王太子エイリークの思惑


 午後遅くから開かれたパーティを夕刻で中座した王太子エイリーク・ナダールは、ノール伯爵令嬢クラウディア・フォスカールを伴って王城へ戻った。

 これまでであれば、外出した先でクラウディアと会うことはあっても、無紋の馬車でフォスカール家の王都邸へ送り返していた。フォスカール家と、そして自身の婚約者への、一応の遠慮だった。

 だが、その婚約者は──マレス侯爵家の令嬢は、もういない。

 クラウディアをすぐさま婚約者として扱うことはなくとも、私的な客人として遇することに、エイリークは何ら抵抗を感じていなかった。

 王城内に設けられた王族のための一画に、エイリークは自らクラウディアを案内する。

 行き会う使用人や侍従たちが一様に丁寧な礼を捧げ、クラウディアはいちいち優雅な会釈でそれに応じた。

 あとでクラウディアの立場を侍従の誰かに教えてやらねば、とエイリークは思っている。

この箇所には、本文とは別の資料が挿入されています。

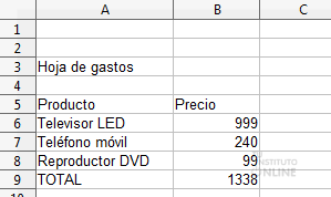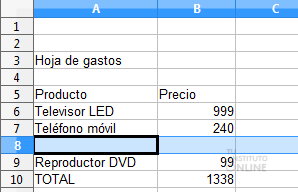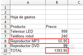 Ve a la celda del total (B10). Modifica el número con el nuevo importe.
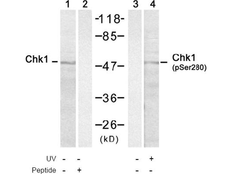 This antibody detects endogenous levels of Chk1 only when phosphorylated at Serine 280.

 ひとまずは私的な客人として。いずれは婚約者として。

 王族の私的な客人を招くために設けられた応接室の前で、エイリークとクラウディアは思わぬ相手と顔を合わせた。

「殿下」

 ほんの一瞬だけ顔に浮かんだげんそうな表情を柔和な笑顔でかき消して呼びかけたのは、大臣のひとり。

「内務卿か。一体どうした。──クラウディア、すまぬが中で待っていてくれ」

 ややこしい話になるのであれば、クラウディアに聞かせるわけにはいかない。

 立ち話も長くなればただ待たせるだけになってしまう、ということもある。

 はい、と簡潔に応じたクラウディアが内務卿に会釈して、侍従が開いた扉から応接室へ足を踏み入れる。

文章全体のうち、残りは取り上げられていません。